WHAT IS REQUIRED
What is needed is a word-for-word copy of the records below.

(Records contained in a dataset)
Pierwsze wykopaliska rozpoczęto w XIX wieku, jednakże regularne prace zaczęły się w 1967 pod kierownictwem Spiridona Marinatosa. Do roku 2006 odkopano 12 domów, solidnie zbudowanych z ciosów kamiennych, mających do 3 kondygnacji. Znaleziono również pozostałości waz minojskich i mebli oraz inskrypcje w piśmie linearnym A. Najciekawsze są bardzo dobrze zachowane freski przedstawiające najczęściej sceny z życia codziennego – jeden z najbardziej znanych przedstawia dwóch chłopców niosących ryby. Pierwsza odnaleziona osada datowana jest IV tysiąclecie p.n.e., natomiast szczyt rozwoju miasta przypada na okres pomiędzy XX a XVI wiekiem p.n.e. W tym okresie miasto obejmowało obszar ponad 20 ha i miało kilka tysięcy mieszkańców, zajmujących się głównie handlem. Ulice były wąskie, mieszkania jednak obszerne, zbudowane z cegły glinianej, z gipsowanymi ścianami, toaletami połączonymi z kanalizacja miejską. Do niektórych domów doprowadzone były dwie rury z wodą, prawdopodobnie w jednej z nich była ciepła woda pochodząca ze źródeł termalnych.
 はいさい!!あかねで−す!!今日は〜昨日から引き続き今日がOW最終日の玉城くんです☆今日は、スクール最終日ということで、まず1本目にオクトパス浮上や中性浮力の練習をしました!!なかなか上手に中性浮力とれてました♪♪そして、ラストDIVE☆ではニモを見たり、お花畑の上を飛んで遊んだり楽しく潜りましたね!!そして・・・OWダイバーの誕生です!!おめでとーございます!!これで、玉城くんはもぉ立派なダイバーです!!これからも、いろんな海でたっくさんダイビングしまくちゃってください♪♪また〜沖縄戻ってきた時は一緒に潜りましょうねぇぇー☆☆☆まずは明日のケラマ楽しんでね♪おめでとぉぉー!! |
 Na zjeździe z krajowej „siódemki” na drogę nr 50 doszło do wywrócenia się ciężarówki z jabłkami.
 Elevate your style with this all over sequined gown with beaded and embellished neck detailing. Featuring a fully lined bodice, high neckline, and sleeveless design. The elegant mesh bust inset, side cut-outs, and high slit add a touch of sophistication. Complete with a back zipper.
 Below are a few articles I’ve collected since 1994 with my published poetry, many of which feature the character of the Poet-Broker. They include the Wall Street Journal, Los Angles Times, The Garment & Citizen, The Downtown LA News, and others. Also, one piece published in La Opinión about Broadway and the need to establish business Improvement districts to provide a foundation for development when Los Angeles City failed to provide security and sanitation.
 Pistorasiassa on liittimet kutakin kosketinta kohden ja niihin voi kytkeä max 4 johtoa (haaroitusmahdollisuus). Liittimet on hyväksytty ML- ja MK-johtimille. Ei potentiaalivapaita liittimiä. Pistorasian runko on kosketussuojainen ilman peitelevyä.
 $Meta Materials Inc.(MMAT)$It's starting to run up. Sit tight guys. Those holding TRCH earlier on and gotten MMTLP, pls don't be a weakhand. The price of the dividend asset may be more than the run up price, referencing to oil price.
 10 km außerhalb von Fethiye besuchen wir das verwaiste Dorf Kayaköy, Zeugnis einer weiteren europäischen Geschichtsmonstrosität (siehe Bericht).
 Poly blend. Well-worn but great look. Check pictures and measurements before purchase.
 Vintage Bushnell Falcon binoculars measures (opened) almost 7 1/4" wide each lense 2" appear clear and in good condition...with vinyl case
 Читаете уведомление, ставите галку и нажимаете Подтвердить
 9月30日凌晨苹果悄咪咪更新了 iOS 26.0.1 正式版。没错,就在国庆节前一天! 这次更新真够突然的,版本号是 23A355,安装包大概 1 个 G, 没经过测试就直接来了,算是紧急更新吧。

WRITTEN REPLY
Pierwsze wykopaliska rozpoczęto w XIX wieku, jednakże regularne prace zaczęły się w 1967 pod kierownictwem Spiridona Marinatosa. Do roku 2006 odkopano 12 domów, solidnie zbudowanych z ciosów kamiennych, mających do 3 kondygnacji. Znaleziono również pozostałości waz minojskich i mebli oraz inskrypcje w piśmie linearnym A. Najciekawsze są bardzo dobrze zachowane freski przedstawiające najczęściej sceny z życia codziennego – jeden z najbardziej znanych przedstawia dwóch chłopców niosących ryby. Pierwsza odnaleziona osada datowana jest IV tysiąclecie p.n.e., natomiast szczyt rozwoju miasta przypada na okres pomiędzy XX a XVI wiekiem p.n.e. W tym okresie miasto obejmowało obszar ponad 20 ha i miało kilka tysięcy mieszkańców, zajmujących się głównie handlem. Ulice były wąskie, mieszkania jednak obszerne, zbudowane z cegły glinianej, z gipsowanymi ścianami, toaletami połączonymi z kanalizacja miejską. Do niektórych domów doprowadzone były dwie rury z wodą, prawdopodobnie w jednej z nich była ciepła woda pochodząca ze źródeł termalnych.
 はいさい!!あかねで−す!!今日は〜昨日から引き続き今日がOW最終日の玉城くんです☆今日は、スクール最終日ということで、まず1本目にオクトパス浮上や中性浮力の練習をしました!!なかなか上手に中性浮力とれてました♪♪そして、ラストDIVE☆ではニモを見たり、お花畑の上を飛んで遊んだり楽しく潜りましたね!!そして・・・OWダイバーの誕生です!!おめでとーございます!!これで、玉城くんはもぉ立派なダイバーです!!これからも、いろんな海でたっくさんダイビングしまくちゃってください♪♪また〜沖縄戻ってきた時は一緒に潜りましょうねぇぇー☆☆☆まずは明日のケラマ楽しんでね♪おめでとぉぉー!! |
 Na zjeździe z krajowej „siódemki” na drogę nr 50 doszło do wywrócenia się ciężarówki z jabłkami.
 Elevate your style with this all over sequined gown with beaded and embellished neck detailing. Featuring a fully lined bodice, high neckline, and sleeveless design. The elegant mesh bust inset, side cut-outs, and high slit add a touch of sophistication. Complete with a back zipper.
 Below are a few articles I’ve collected since 1994 with my published poetry, many of which feature the character of the Poet-Broker. They include the Wall Street Journal, Los Angles Times, The Garment & Citizen, The Downtown LA News, and others. Also, one piece published in La Opinión about Broadway and the need to establish business Improvement districts to provide a foundation for development when Los Angeles City failed to provide security and sanitation.
 Pistorasiassa on liittimet kutakin kosketinta kohden ja niihin voi kytkeä max 4 johtoa (haaroitusmahdollisuus). Liittimet on hyväksytty ML- ja MK-johtimille. Ei potentiaalivapaita liittimiä. Pistorasian runko on kosketussuojainen ilman peitelevyä.
 $Meta Materials Inc.(MMAT)$It's starting to run up. Sit tight guys. Those holding TRCH earlier on and gotten MMTLP, pls don't be a weakhand. The price of the dividend asset may be more than the run up price, referencing to oil price.
 10 km außerhalb von Fethiye besuchen wir das verwaiste Dorf Kayaköy, Zeugnis einer weiteren europäischen Geschichtsmonstrosität (siehe Bericht).
 Poly blend. Well-worn but great look. Check pictures and measurements before purchase.
 Vintage Bushnell Falcon binoculars measures (opened) almost 7 1/4" wide each lense 2" appear clear and in good condition...with vinyl case
 Читаете уведомление, ставите галку и нажимаете Подтвердить
 9月30日凌晨苹果悄咪咪更新了 iOS 26.0.1 正式版。没错,就在国庆节前一天! 这次更新真够突然的,版本号是 23A355,安装包大概 1 个 G, 没经过测试就直接来了,算是紧急更新吧。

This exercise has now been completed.